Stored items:
((

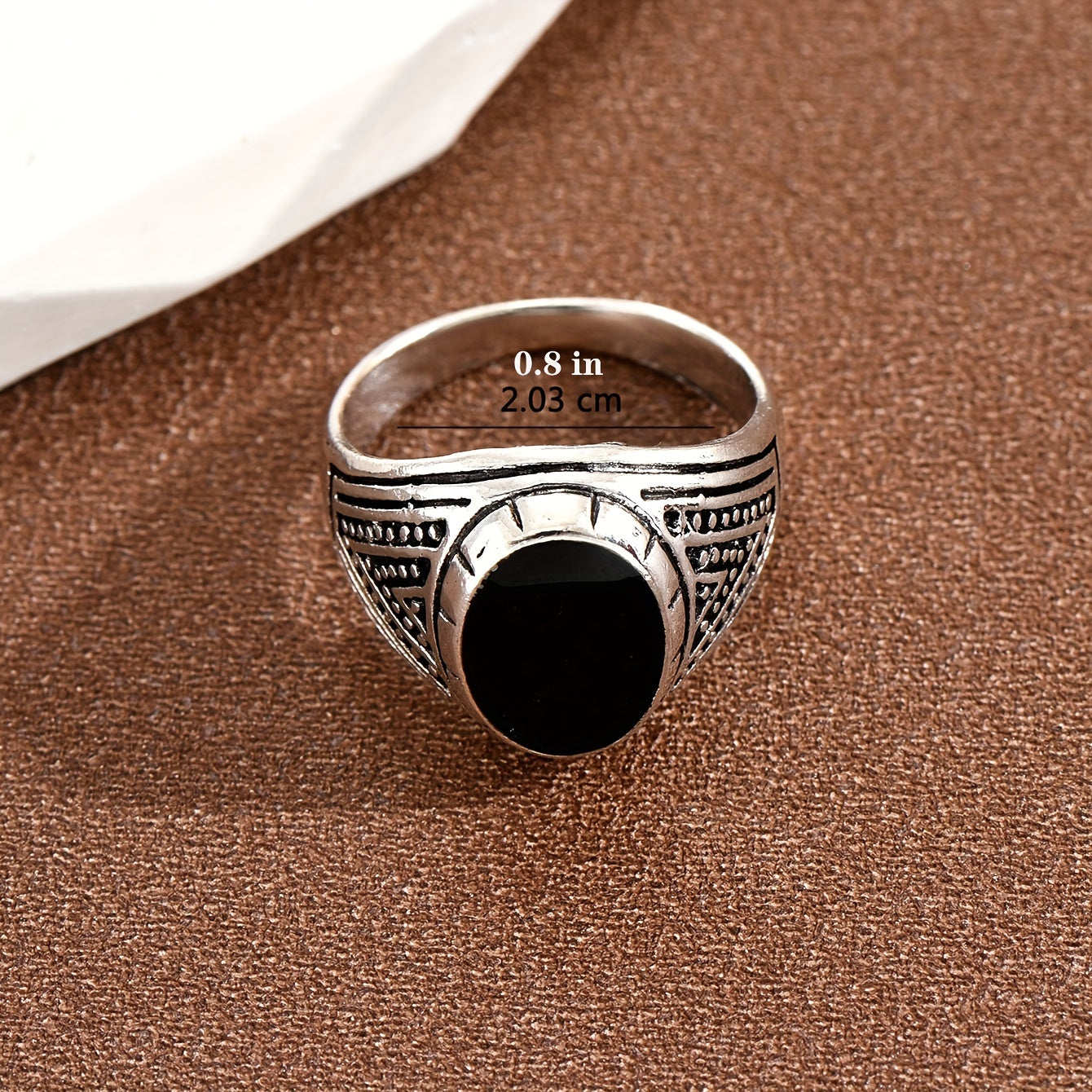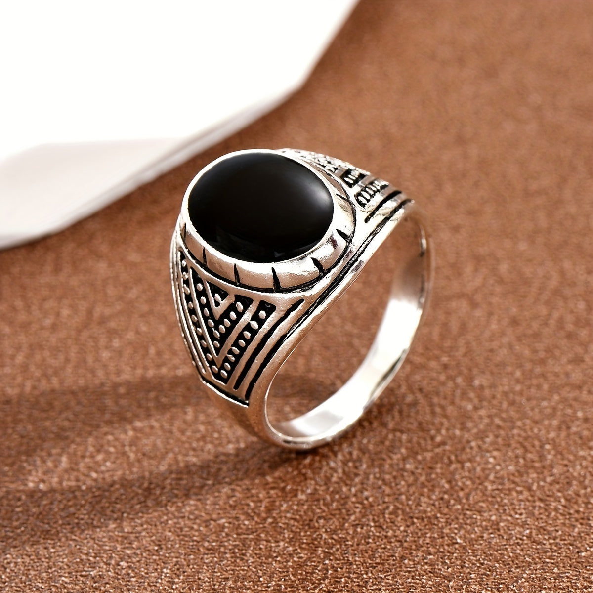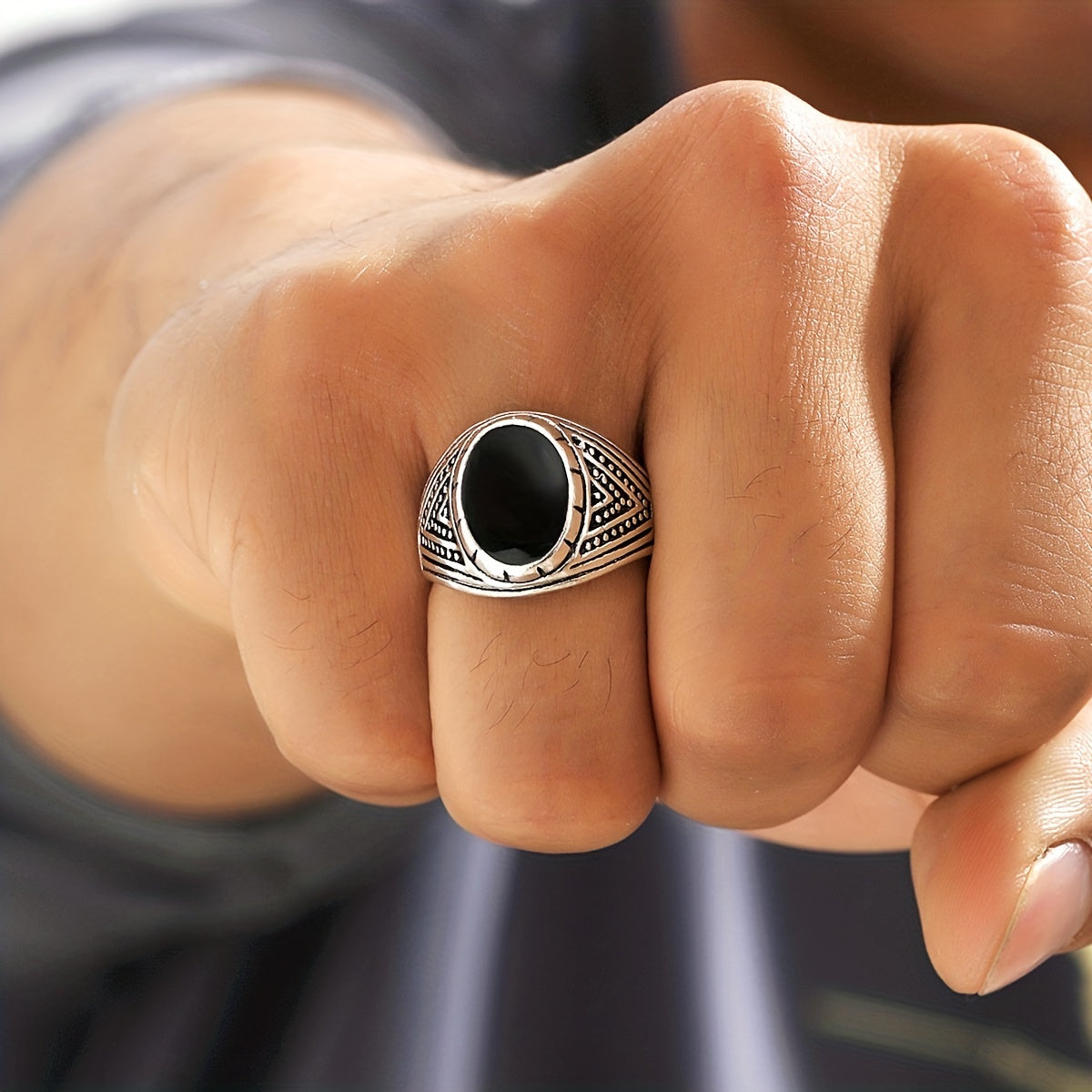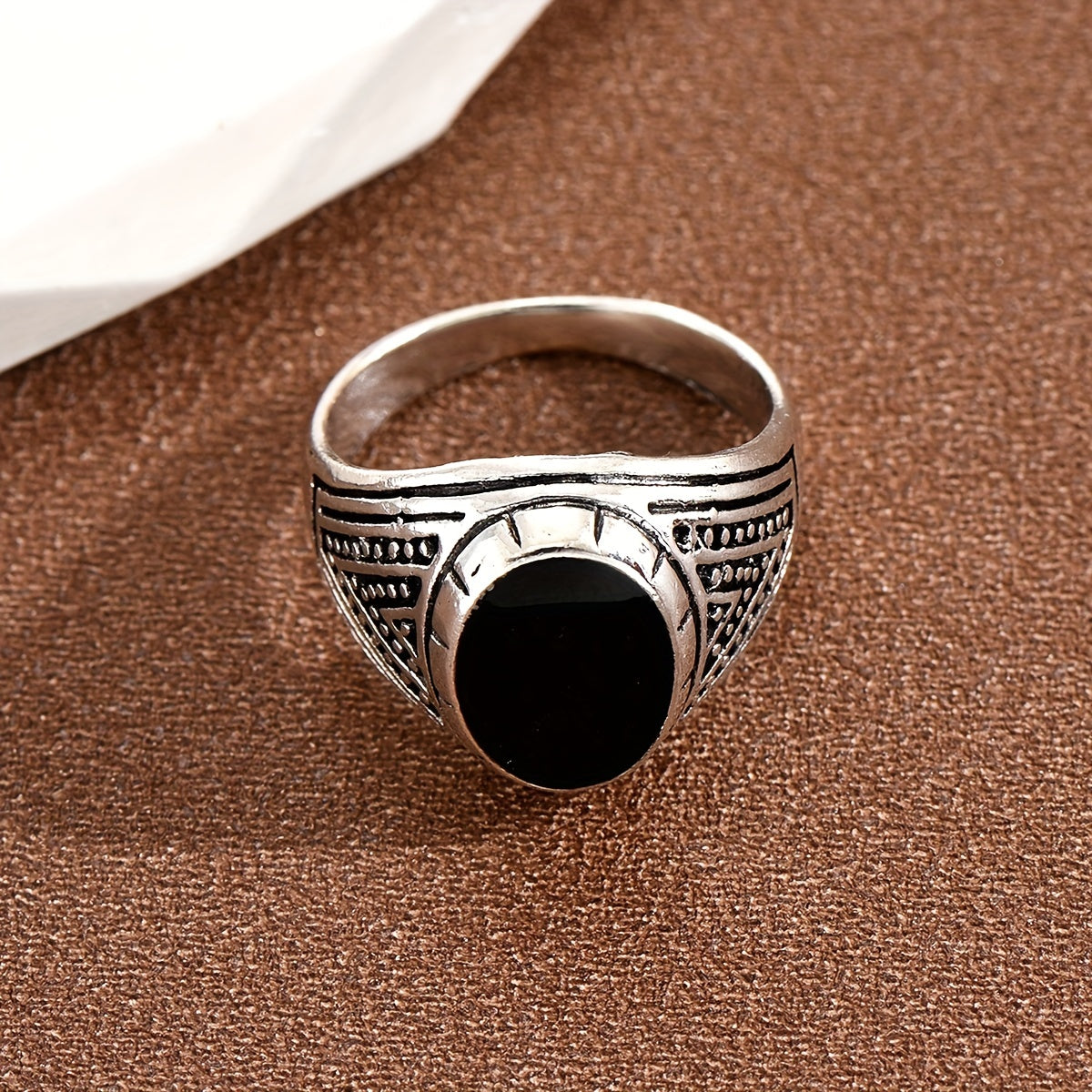 This men's alloy ring features a hip hop style design with glass inlays. It is a retro single item accessory that adds a cool and stylish touch to your look.
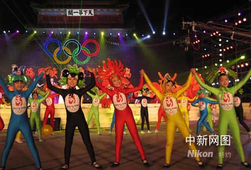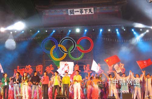 中新網(wǎng)4月29日電 “山海同歡慶·奧運(yùn)秦皇島”迎奧運(yùn)倒計(jì)時(shí)一百天大型慶祝活動(dòng)二十九日晚在“天下第一關(guān)”山海關(guān)廣場舉行。今晚的整臺(tái)晚會(huì)節(jié)目精彩紛呈,觀眾揮舞旗幟,陣陣歡呼喝彩不斷。號(hào)稱“天下第一關(guān)”的山海關(guān)變成歌和舞的海洋。秦皇島各界迎接奧運(yùn)盛會(huì)的喜悅與豪情盡展無余。
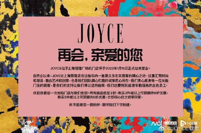 2.  "最新動態(tài)":Joyce宣布將關(guān)閉其位於廣州天環(huán)廣場的旗艦店,結(jié)束了該店約6年的運營歷史。
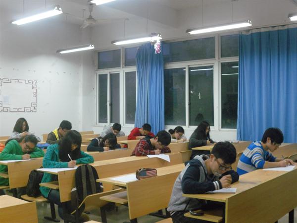 团学主席团主持,经过主席杨立忠的简短介绍与嘱咐后,考核正式开始。首先,主席团成员向团委学生会干部派发试卷。由于大一、大二的学生干部考卷有所不同,大一干事被安排在102教室进行考核,大二部长则在105教室。毕竟是第一次参加团学内部考核,大一干事不免有些紧张,试卷发到手之后,便可见他们低头拾笔,认真阅卷,开始奋笔疾书。教室里显得非常安静,只有刷刷的写字声以及偶尔试卷翻页发出的声响,主席团成员不时在教室中走动,以便观察同学的答题情况。较于大一干事,大二的部长们则显得沉静老练的多,并没有初时的紧张,他们显得有些严肃,相同的是他们拿到试卷后一样马上动笔,整个考核现场神圣有序,大家的注意力都集中在考题上。
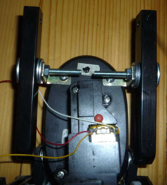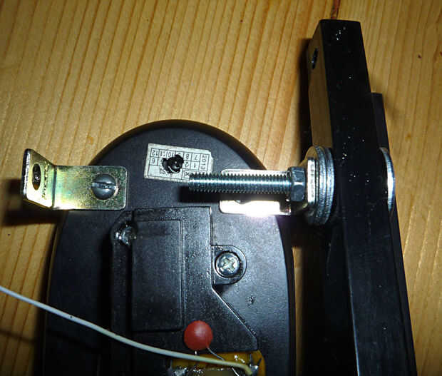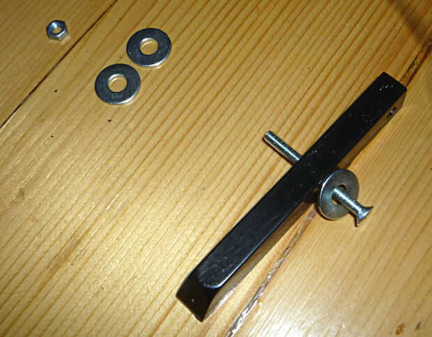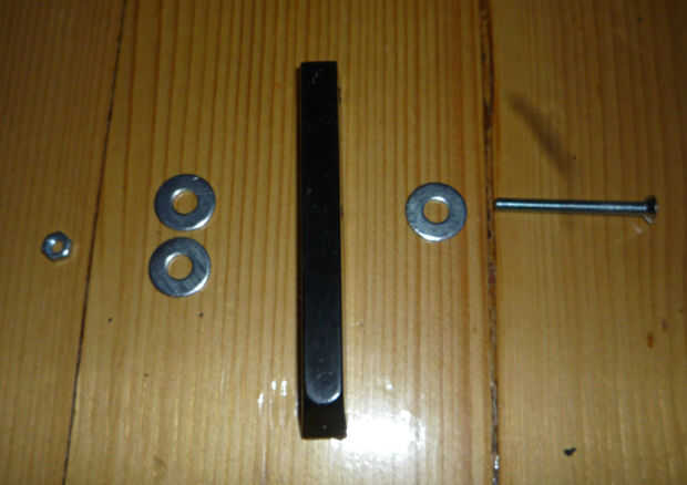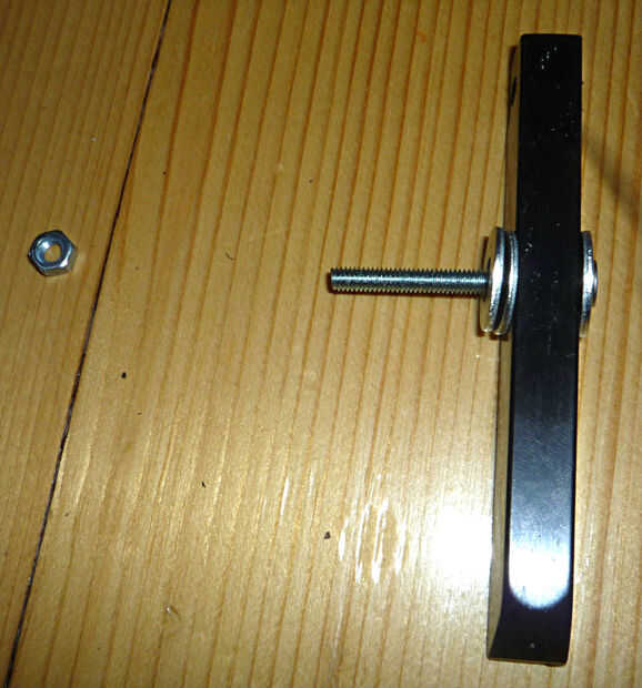 Ahora, con un tornillo, una tuerca y tres arandelas, une cada tecla a los ángulos metálicos. Es muy importante recordar que las llaves tienen que fijarse a través del agujero entre la parte superior y el centro. La articulación tiene que estar suelto.

))

=== What the task requires ===
Reproduce the data word for word; no pictures.

=== Finished exercise ===
 This men's alloy ring features a hip hop style design with glass inlays. It is a retro single item accessory that adds a cool and stylish touch to your look.
 中新網(wǎng)4月29日電 “山海同歡慶·奧運(yùn)秦皇島”迎奧運(yùn)倒計(jì)時(shí)一百天大型慶祝活動(dòng)二十九日晚在“天下第一關(guān)”山海關(guān)廣場舉行。今晚的整臺(tái)晚會(huì)節(jié)目精彩紛呈,觀眾揮舞旗幟,陣陣歡呼喝彩不斷。號(hào)稱“天下第一關(guān)”的山海關(guān)變成歌和舞的海洋。秦皇島各界迎接奧運(yùn)盛會(huì)的喜悅與豪情盡展無余。
 2.  "最新動態(tài)":Joyce宣布將關(guān)閉其位於廣州天環(huán)廣場的旗艦店,結(jié)束了該店約6年的運營歷史。
 团学主席团主持,经过主席杨立忠的简短介绍与嘱咐后,考核正式开始。首先,主席团成员向团委学生会干部派发试卷。由于大一、大二的学生干部考卷有所不同,大一干事被安排在102教室进行考核,大二部长则在105教室。毕竟是第一次参加团学内部考核,大一干事不免有些紧张,试卷发到手之后,便可见他们低头拾笔,认真阅卷,开始奋笔疾书。教室里显得非常安静,只有刷刷的写字声以及偶尔试卷翻页发出的声响,主席团成员不时在教室中走动,以便观察同学的答题情况。较于大一干事,大二的部长们则显得沉静老练的多,并没有初时的紧张,他们显得有些严肃,相同的是他们拿到试卷后一样马上动笔,整个考核现场神圣有序,大家的注意力都集中在考题上。
 Ahora, con un tornillo, una tuerca y tres arandelas, une cada tecla a los ángulos metálicos. Es muy importante recordar que las llaves tienen que fijarse a través del agujero entre la parte superior y el centro. La articulación tiene que estar suelto.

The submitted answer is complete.